In conlusion genomic sequence analysis revealed that Chaetomium cochliodes is closely related to C. globosum & C. elatum. These three filamentous fungi are mesophilic but probably have thermophilic ancestors as revealed from their basal lineage. C. cochliodes contains heme peroxidases and catalases from all so far described superfamilies. Ascomycetous genes encoding catalase-peroxidase and dye decolorizing peroxidase were obtained during the evolution by horizontal gene transfer from various bacteria.

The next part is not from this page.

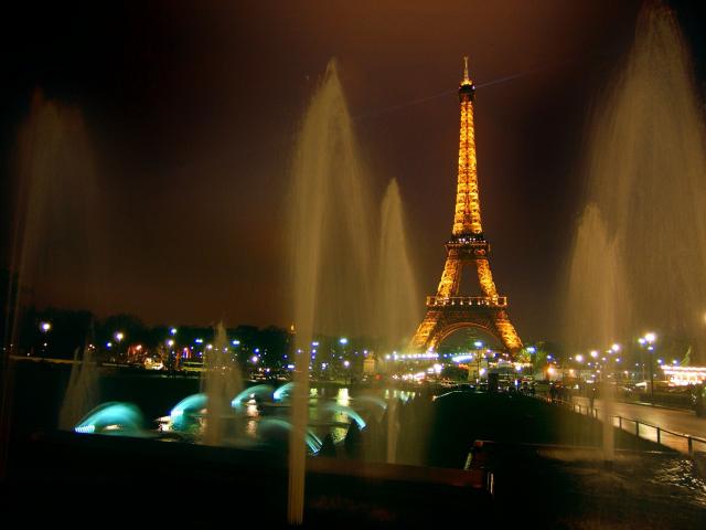 Wallpaper Eiffel tower and fountains, night photo

Several heme peroxidases of Chaetomia like hybrid heme B peroxidase, linoleate diol synthase or DyP-type B form fusions with additional functional domains that might enable a broader catalytic variability. Furthermore cytochrome c peroxidase, manganese and three paralogs of heme-thiolate peroxidases are found in addition to typical (monofunctional) catalases of large and small subunit architecture. Our transcription analysis reveals the highest induction of a fused dyprx gene with hydrogen peroxide and mainly with peroxyacetic acid in the cultivation medium followed by moderate inductions of htp1 and hyBpox1 genes.